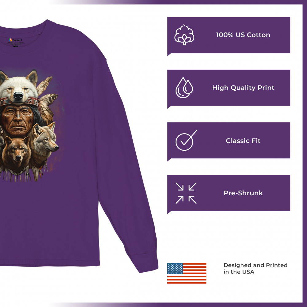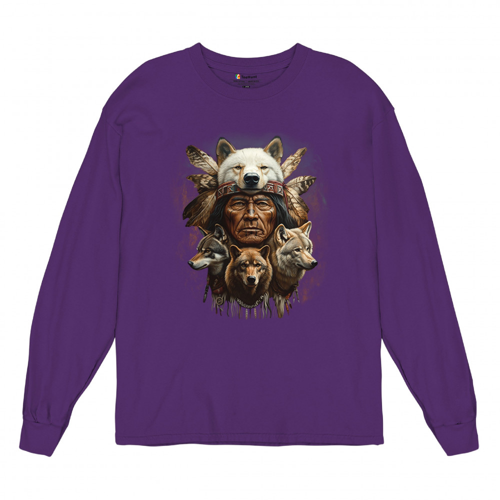 Wolf totem design with Native elder in headdress and guardian wolves. Symbolizes strength, loyalty, spirit animals, and tribal heritage.
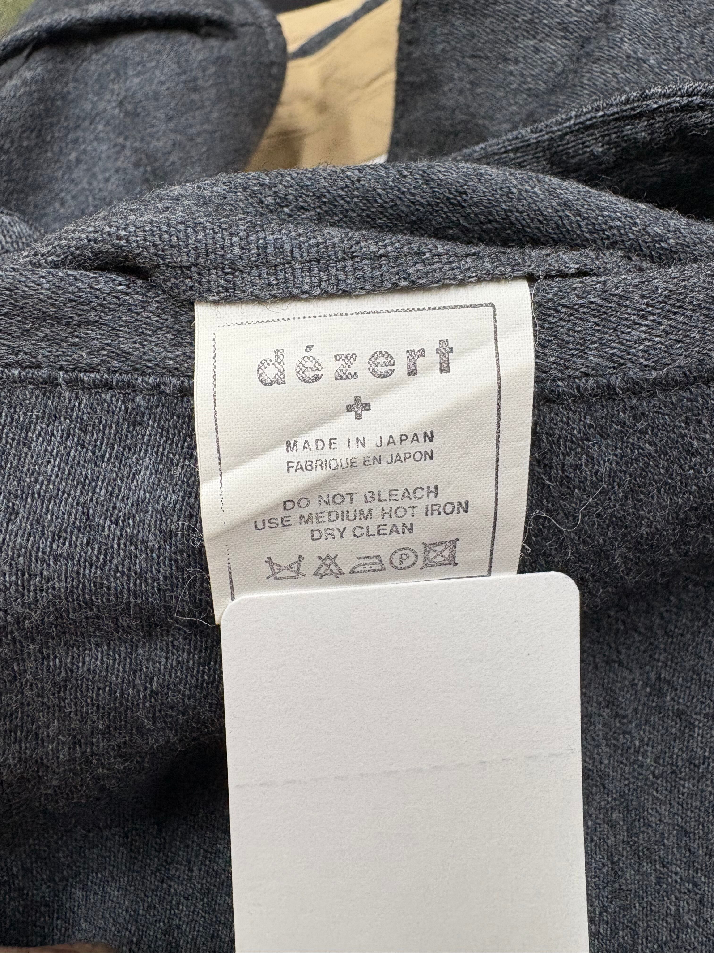 上品なミディアムグレーに、深めの股上&ゆとりのある2タック。腰裏は生成りコットン、裾はダブル仕上げで、クラシックな日本製テーラリングを感じる一本です。タグは“dézert+”のエンジ色織ネーム。フランス語表記のケアタグ(JAVEL INTERDIT=漂白不可、NETTOYAGE À SEC=ドライ推奨)も雰囲気抜群。上品に革靴はもちろん、スニーカー合わせで抜け感あるスタイルにもハマります。
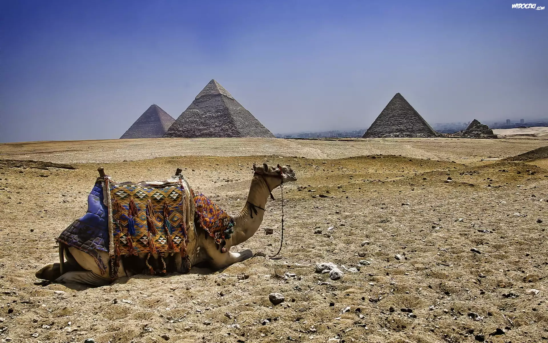 Zdjęcia, Wielbłąd, Pustynia, Piramidy
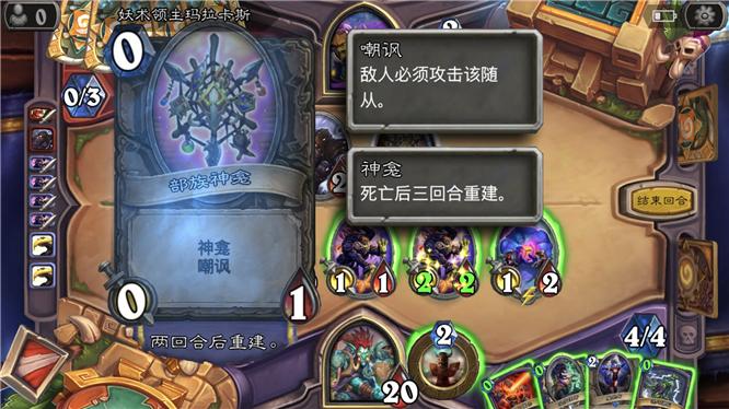 好了,反正每个职业我都会玩几次,所以先从萨满的开始挑战吧!萨满的初期构筑比较杂乱,可以选择走法术流、鱼人流、图腾流、过载流。我选择的是法术流派,遇到的第一个boss是妖术领主玛拉卡斯,技能和法师的一样,神龛效果是0-1的嘲讽。需要注意的是,所有的神龛可以打死,但会在三个回合后复活。
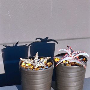 ①お迎えしたアロエちゃん✨ 何かカップルみたい🤭 ②右の子は色みがホント素敵🤤 ③左の子はとってもワイルド ④左の子のアップ😳 名前の通りゴジラの背ビレ感🦖 ⑤①をエモい感じに🤣🤣 まだまだちぃ〜っちゃい子達🌱 元気に育ってね⤴️⤴️😆🙏

**WHAT YOU ARE ASKED TO DO**
Copy out all of the listing word for word, but skip the images.

**EXERCISE SOLUTION**
 Wolf totem design with Native elder in headdress and guardian wolves. Symbolizes strength, loyalty, spirit animals, and tribal heritage.
 上品なミディアムグレーに、深めの股上&ゆとりのある2タック。腰裏は生成りコットン、裾はダブル仕上げで、クラシックな日本製テーラリングを感じる一本です。タグは“dézert+”のエンジ色織ネーム。フランス語表記のケアタグ(JAVEL INTERDIT=漂白不可、NETTOYAGE À SEC=ドライ推奨)も雰囲気抜群。上品に革靴はもちろん、スニーカー合わせで抜け感あるスタイルにもハマります。
 Zdjęcia, Wielbłąd, Pustynia, Piramidy
 好了,反正每个职业我都会玩几次,所以先从萨满的开始挑战吧!萨满的初期构筑比较杂乱,可以选择走法术流、鱼人流、图腾流、过载流。我选择的是法术流派,遇到的第一个boss是妖术领主玛拉卡斯,技能和法师的一样,神龛效果是0-1的嘲讽。需要注意的是,所有的神龛可以打死,但会在三个回合后复活。
 ①お迎えしたアロエちゃん✨ 何かカップルみたい🤭 ②右の子は色みがホント素敵🤤 ③左の子はとってもワイルド ④左の子のアップ😳 名前の通りゴジラの背ビレ感🦖 ⑤①をエモい感じに🤣🤣 まだまだちぃ〜っちゃい子達🌱 元気に育ってね⤴️⤴️😆🙏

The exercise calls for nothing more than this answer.